Easy cut in. “Was she friendly with anyone else who came here?”
Skane put the soy sandwich down again. “I can’t eat this damn thing, I’ll have to face my wife’s wrath.” He glanced up at the shadowy ceiling before meeting Easy’s eyes. “Yes, there was somebody. I suppose that’s why I really agreed to talk to you in the first place, Easy.”
“She came here with someone?”
“Not at first. At first she was alone, very much solitary. After a few weekly sessions she became friendly with one of the guys.”
“What’s his name?”
“I think what attracted her to him was the fact he had a similar fouled-up childhood,” said Skane. “Then so many of us do.”
“His name?”
“Moseson,” answered Skane. “Phil Moseson.”
Easy wrote the name on one of the small file cards from his breast pocket. “Can you give me his address?”

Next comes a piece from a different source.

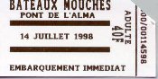 ![]() | We were then ready to try a river cruise on the Seine River. We got there at about 5 minutes till 9:00PM and were able to get right in for the 9:00PM cruise. Everyone is starting to line the streets for the fireworks display that will be later that night. There are food vendors all over the place. |

“I can,” said Skane slowly. “It’s not likely to do you much good, though.”
“Why?”
“Phil Moseson was found dead last week.”
V
SUNNY BOY SADLER WAS sitting alone on a high stool in front of his bar. The Maybe Club consisted of two long low rooms which made an L around a corner in downtown San Ignacio. The ocean was a block away. Sadler was five and a half feet tall and weighed slightly over two hundred pounds. He was wearing white levis and a black fringed shirt, leaning on the polished wood bar with his chunky hands ringing a martini glass. To the left of his glass rested a cassette player.